Required action => Skip the pictures. Output only the lines below starting at the line with "Enthousiaste wielrenners bij de HLC" and ending at the line with "Das Quartier Bauchrieh", both ends included, exactly as they are.

Records provided =>
[Start of Attachment]
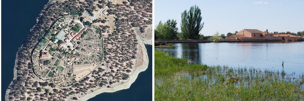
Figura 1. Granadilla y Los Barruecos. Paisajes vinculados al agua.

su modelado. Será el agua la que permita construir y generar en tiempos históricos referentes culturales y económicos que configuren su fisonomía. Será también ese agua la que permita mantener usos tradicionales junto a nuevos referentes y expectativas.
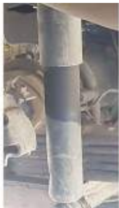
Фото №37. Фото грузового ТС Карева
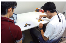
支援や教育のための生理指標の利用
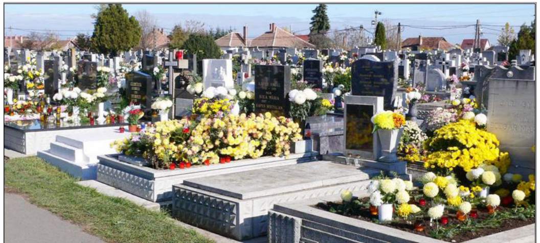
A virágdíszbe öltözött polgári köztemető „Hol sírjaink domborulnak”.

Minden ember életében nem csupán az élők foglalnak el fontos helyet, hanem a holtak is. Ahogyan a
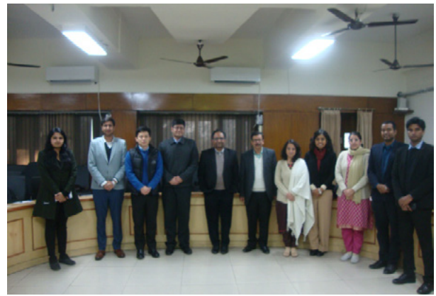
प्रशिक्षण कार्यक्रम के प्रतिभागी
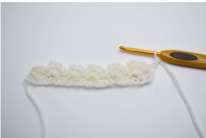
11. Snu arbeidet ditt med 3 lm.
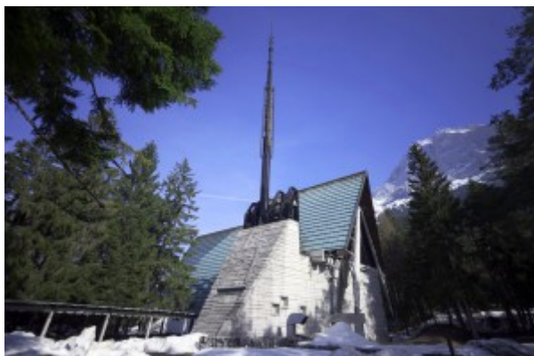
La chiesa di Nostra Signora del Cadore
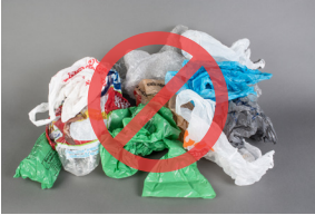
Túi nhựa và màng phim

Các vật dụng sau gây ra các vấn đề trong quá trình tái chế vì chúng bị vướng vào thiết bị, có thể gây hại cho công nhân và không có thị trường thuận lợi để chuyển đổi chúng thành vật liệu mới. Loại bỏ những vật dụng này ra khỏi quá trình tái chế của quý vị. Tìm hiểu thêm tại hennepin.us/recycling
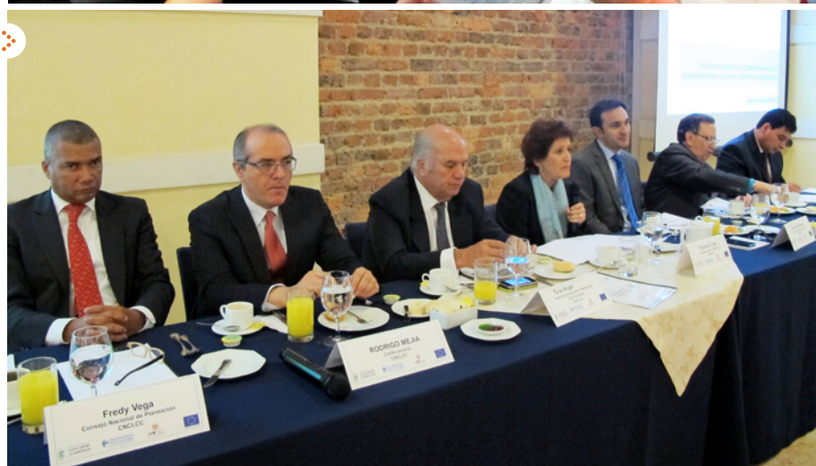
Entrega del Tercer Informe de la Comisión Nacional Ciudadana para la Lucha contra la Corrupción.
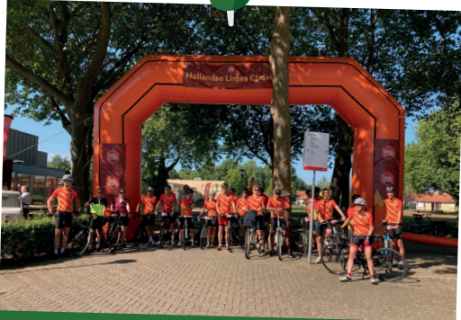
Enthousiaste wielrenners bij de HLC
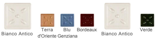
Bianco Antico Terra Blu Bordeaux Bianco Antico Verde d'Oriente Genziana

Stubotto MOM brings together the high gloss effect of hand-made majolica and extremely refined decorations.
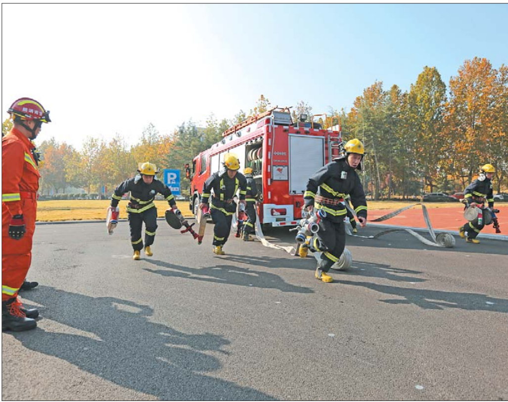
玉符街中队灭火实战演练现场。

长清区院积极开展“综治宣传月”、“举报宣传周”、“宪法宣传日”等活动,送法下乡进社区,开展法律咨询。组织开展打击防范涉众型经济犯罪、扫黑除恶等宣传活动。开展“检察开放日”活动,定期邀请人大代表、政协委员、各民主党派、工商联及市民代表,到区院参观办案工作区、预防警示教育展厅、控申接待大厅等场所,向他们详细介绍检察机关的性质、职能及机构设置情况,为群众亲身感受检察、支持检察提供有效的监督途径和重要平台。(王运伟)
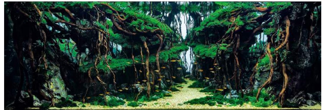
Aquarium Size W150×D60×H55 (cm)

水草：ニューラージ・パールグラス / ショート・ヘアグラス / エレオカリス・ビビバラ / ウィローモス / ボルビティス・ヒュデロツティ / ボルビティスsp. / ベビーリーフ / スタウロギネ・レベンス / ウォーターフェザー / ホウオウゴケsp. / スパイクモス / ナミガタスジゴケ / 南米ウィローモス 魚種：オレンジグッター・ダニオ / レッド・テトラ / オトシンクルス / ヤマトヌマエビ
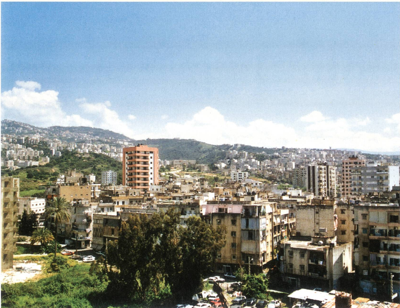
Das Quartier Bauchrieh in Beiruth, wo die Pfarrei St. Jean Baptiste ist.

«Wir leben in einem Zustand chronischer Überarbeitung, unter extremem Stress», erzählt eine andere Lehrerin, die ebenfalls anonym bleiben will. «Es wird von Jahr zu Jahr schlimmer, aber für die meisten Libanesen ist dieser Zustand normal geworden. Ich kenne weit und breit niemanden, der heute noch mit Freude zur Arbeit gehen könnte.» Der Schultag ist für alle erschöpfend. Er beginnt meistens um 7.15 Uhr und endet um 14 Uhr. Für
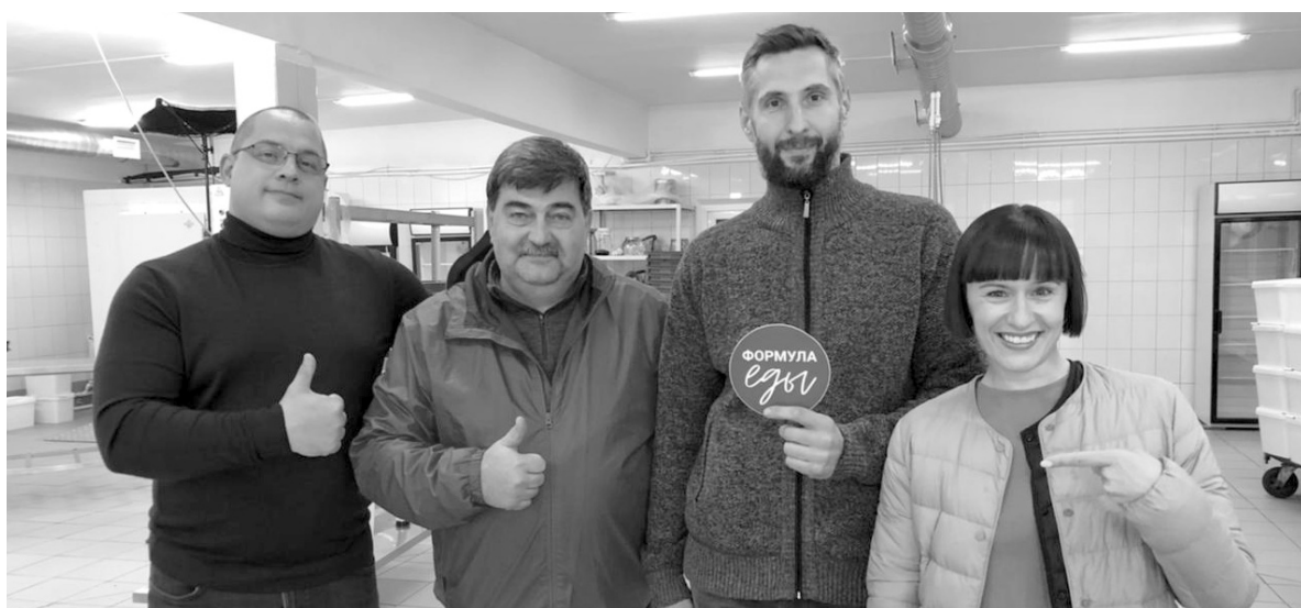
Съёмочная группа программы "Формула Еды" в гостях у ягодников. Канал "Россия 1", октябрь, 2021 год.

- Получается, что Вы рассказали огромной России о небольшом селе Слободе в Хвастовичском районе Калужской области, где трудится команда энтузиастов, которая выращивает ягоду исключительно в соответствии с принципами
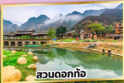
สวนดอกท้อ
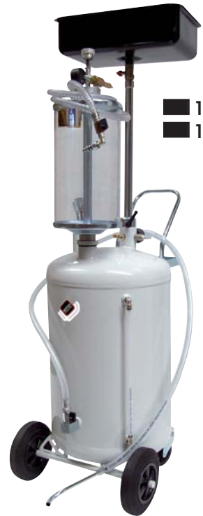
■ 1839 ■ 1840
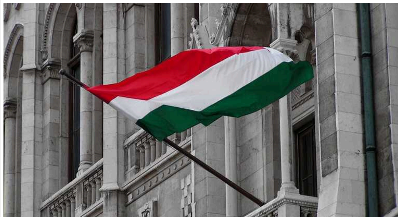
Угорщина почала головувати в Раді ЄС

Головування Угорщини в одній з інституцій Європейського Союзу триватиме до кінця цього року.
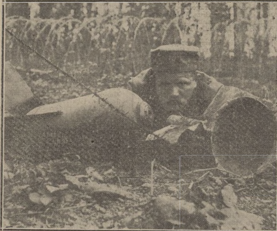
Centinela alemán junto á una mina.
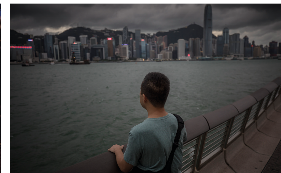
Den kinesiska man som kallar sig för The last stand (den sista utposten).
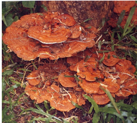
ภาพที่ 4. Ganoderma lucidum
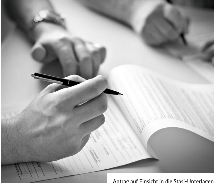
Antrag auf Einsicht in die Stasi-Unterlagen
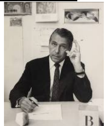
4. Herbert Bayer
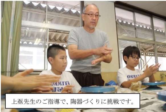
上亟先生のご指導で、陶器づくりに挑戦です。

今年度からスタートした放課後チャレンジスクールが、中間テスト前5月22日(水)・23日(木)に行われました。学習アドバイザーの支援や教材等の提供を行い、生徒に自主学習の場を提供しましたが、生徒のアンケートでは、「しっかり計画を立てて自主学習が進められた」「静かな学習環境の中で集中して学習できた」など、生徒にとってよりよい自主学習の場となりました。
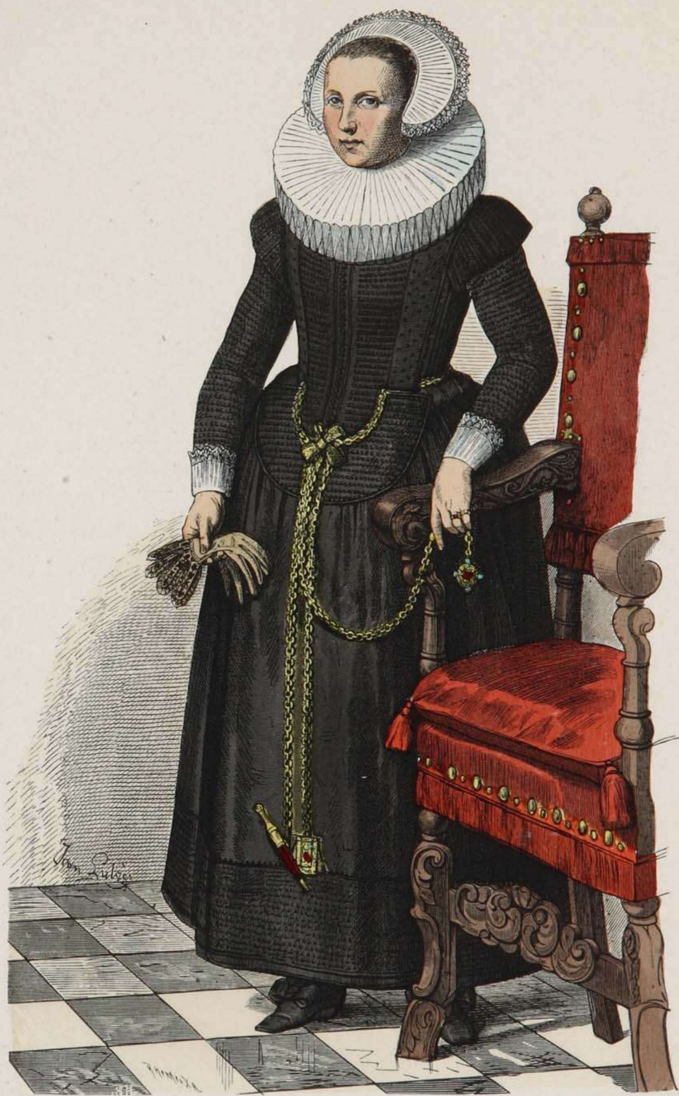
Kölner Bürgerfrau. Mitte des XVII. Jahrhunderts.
[End of Attachment]
Problem solution =>
Enthousiaste wielrenners bij de HLC
Bianco Antico Terra Blu Bordeaux Bianco Antico Verde d'Oriente Genziana

Stubotto MOM brings together the high gloss effect of hand-made majolica and extremely refined decorations.
玉符街中队灭火实战演练现场。

长清区院积极开展“综治宣传月”、“举报宣传周”、“宪法宣传日”等活动,送法下乡进社区,开展法律咨询。组织开展打击防范涉众型经济犯罪、扫黑除恶等宣传活动。开展“检察开放日”活动,定期邀请人大代表、政协委员、各民主党派、工商联及市民代表,到区院参观办案工作区、预防警示教育展厅、控申接待大厅等场所,向他们详细介绍检察机关的性质、职能及机构设置情况,为群众亲身感受检察、支持检察提供有效的监督途径和重要平台。(王运伟)
Aquarium Size W150×D60×H55 (cm)

水草：ニューラージ・パールグラス / ショート・ヘアグラス / エレオカリス・ビビバラ / ウィローモス / ボルビティス・ヒュデロツティ / ボルビティスsp. / ベビーリーフ / スタウロギネ・レベンス / ウォーターフェザー / ホウオウゴケsp. / スパイクモス / ナミガタスジゴケ / 南米ウィローモス 魚種：オレンジグッター・ダニオ / レッド・テトラ / オトシンクルス / ヤマトヌマエビ
Das Quartier Bauchrieh in Beiruth, wo die Pfarrei St. Jean Baptiste ist.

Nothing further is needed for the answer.